* _Work task_
All of the entries below should be printed exactly; the pictures are to be left out.

* _Information_
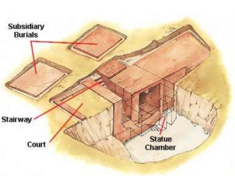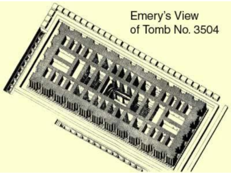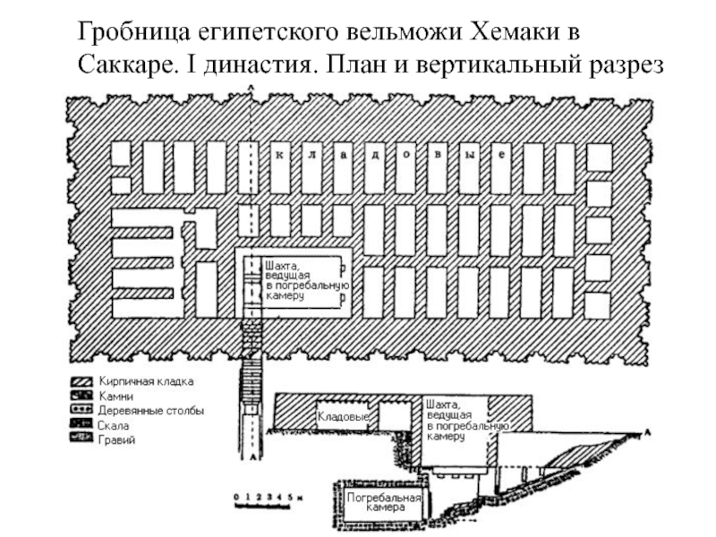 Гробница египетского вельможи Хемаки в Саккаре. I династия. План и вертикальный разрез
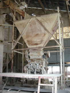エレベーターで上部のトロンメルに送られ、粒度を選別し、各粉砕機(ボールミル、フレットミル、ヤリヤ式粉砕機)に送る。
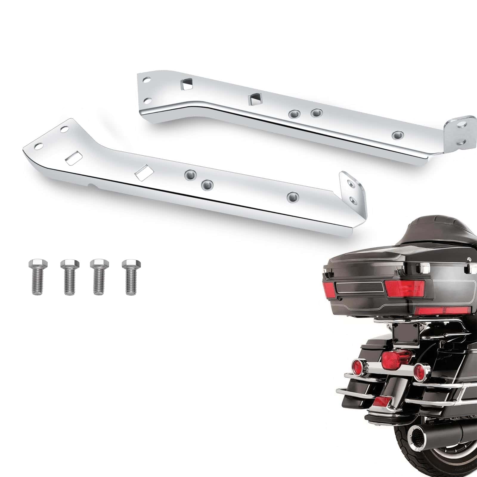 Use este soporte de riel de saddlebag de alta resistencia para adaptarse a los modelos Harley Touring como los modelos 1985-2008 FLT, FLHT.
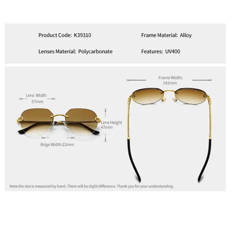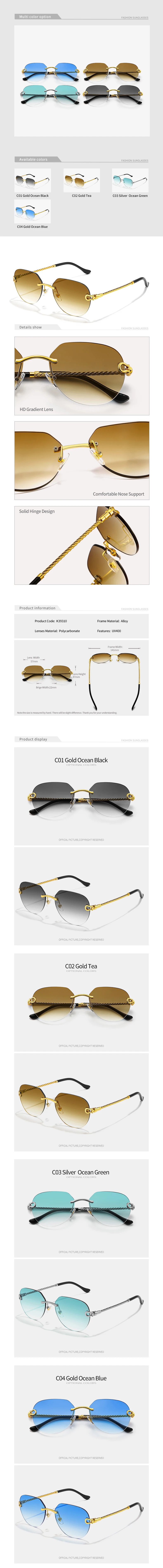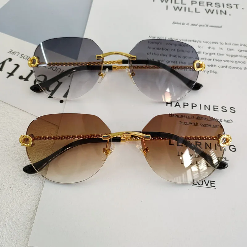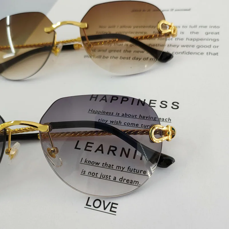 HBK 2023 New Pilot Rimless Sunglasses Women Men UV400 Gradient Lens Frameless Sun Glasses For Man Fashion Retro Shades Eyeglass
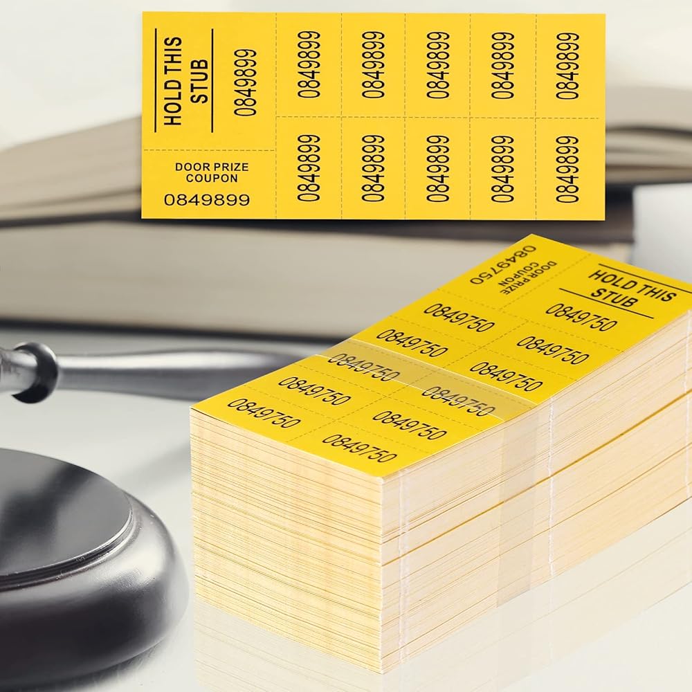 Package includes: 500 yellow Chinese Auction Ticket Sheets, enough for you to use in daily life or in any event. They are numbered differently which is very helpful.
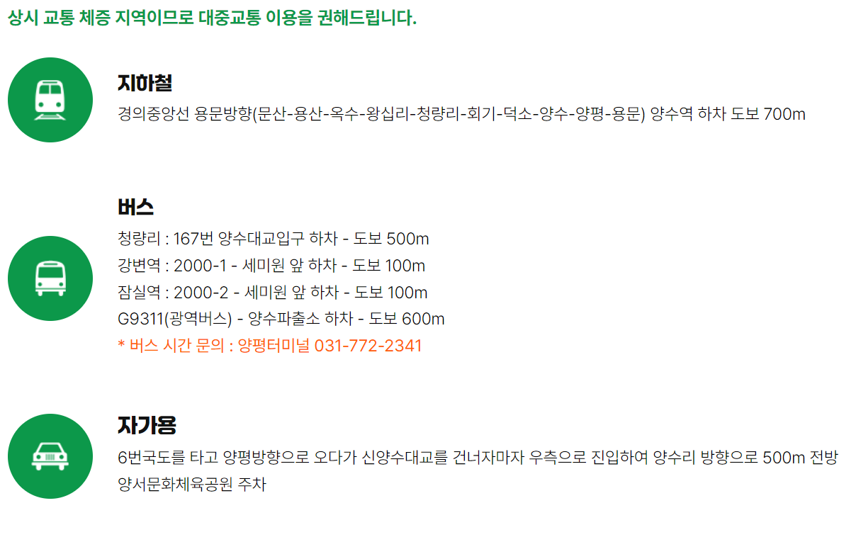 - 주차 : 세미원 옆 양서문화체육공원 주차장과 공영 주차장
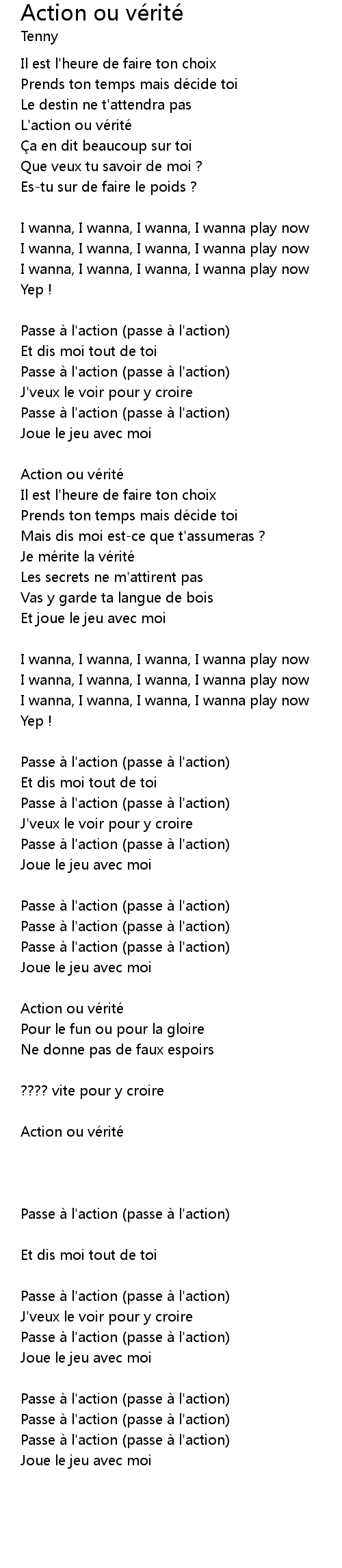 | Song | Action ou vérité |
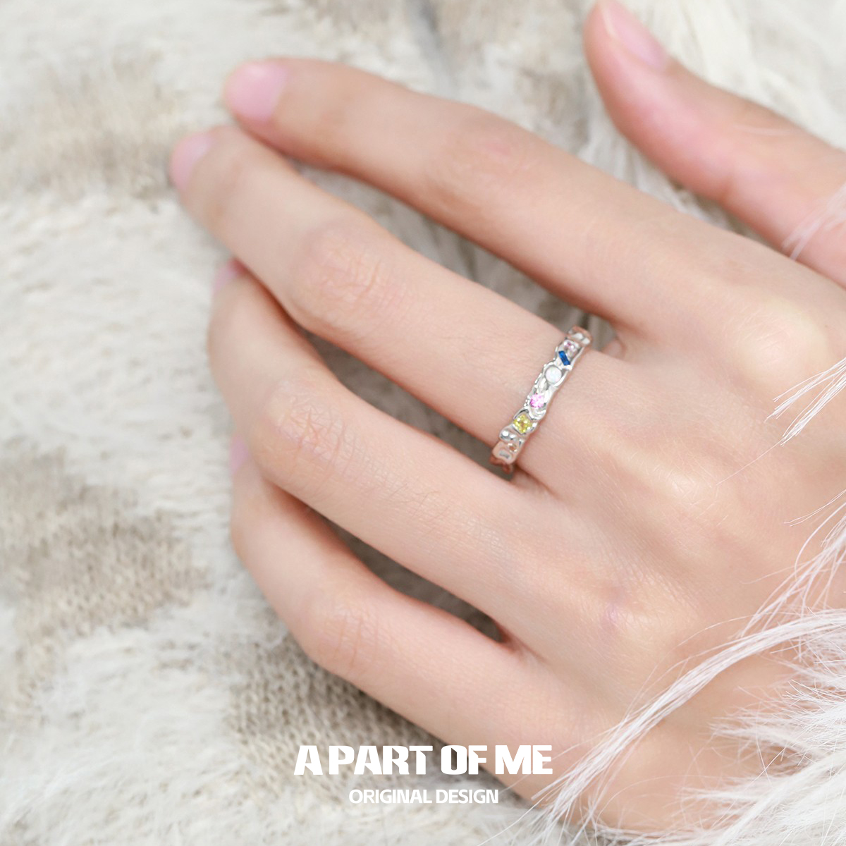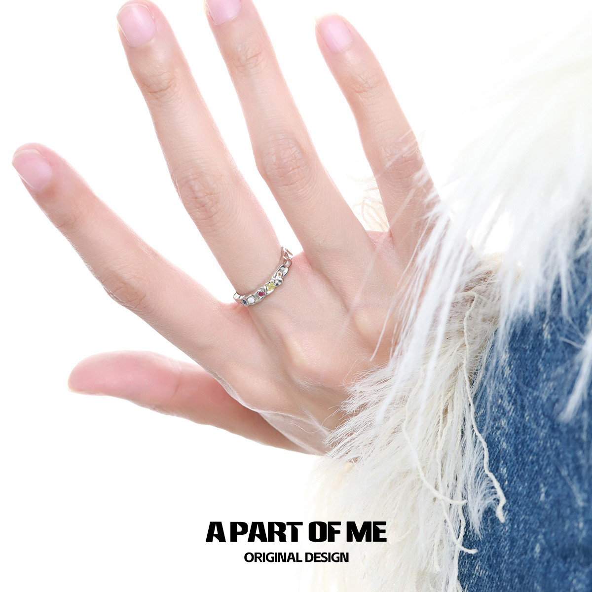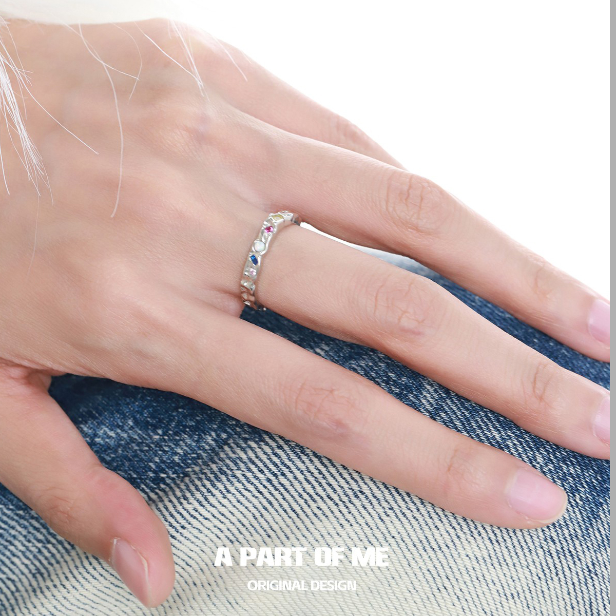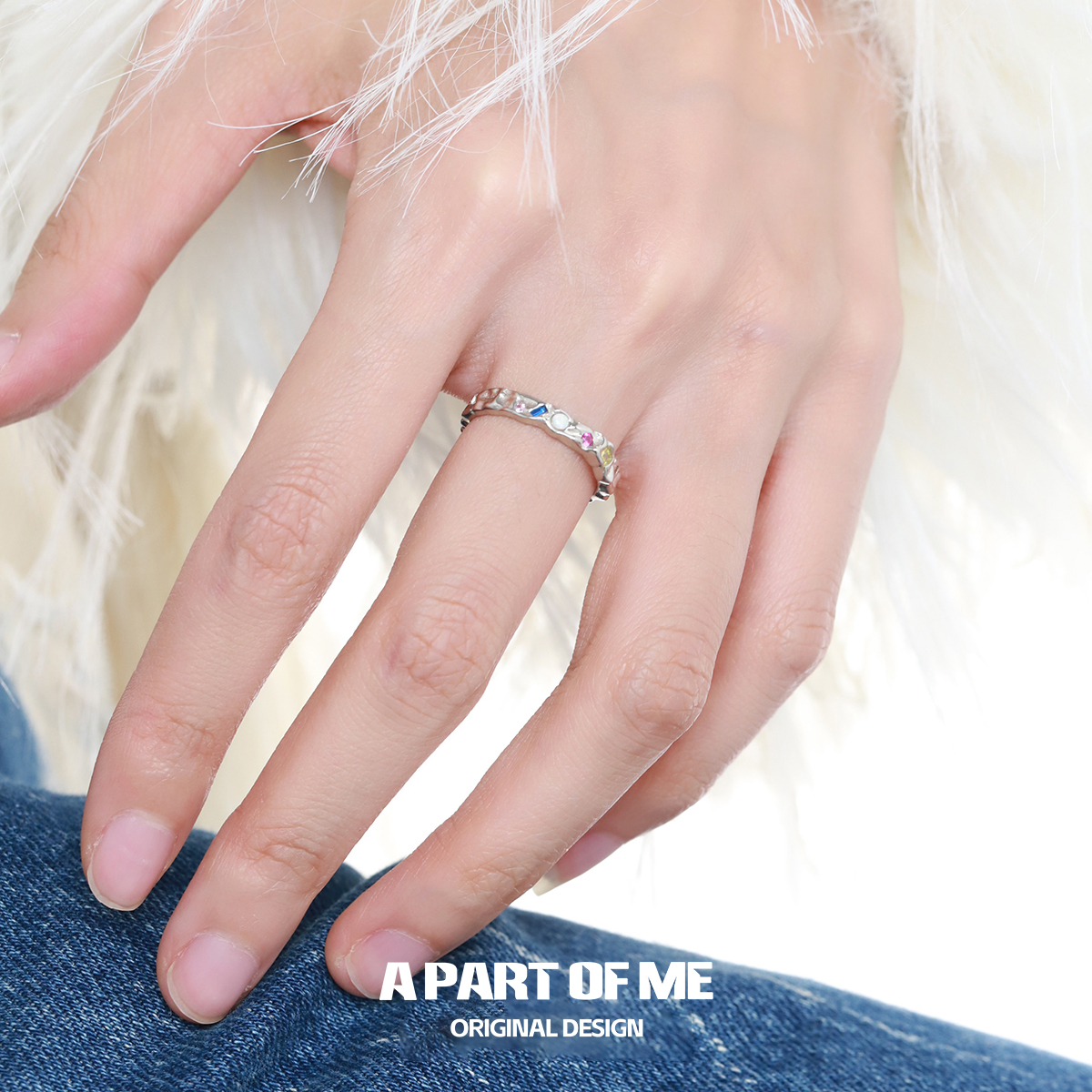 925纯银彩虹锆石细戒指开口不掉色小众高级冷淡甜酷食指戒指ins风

* _Response area_
 Гробница египетского вельможи Хемаки в Саккаре. I династия. План и вертикальный разрез
エレベーターで上部のトロンメルに送られ、粒度を選別し、各粉砕機(ボールミル、フレットミル、ヤリヤ式粉砕機)に送る。
 Use este soporte de riel de saddlebag de alta resistencia para adaptarse a los modelos Harley Touring como los modelos 1985-2008 FLT, FLHT.
 HBK 2023 New Pilot Rimless Sunglasses Women Men UV400 Gradient Lens Frameless Sun Glasses For Man Fashion Retro Shades Eyeglass
 Package includes: 500 yellow Chinese Auction Ticket Sheets, enough for you to use in daily life or in any event. They are numbered differently which is very helpful.
 - 주차 : 세미원 옆 양서문화체육공원 주차장과 공영 주차장
 | Song | Action ou vérité |
 925纯银彩虹锆石细戒指开口不掉色小众高级冷淡甜酷食指戒指ins风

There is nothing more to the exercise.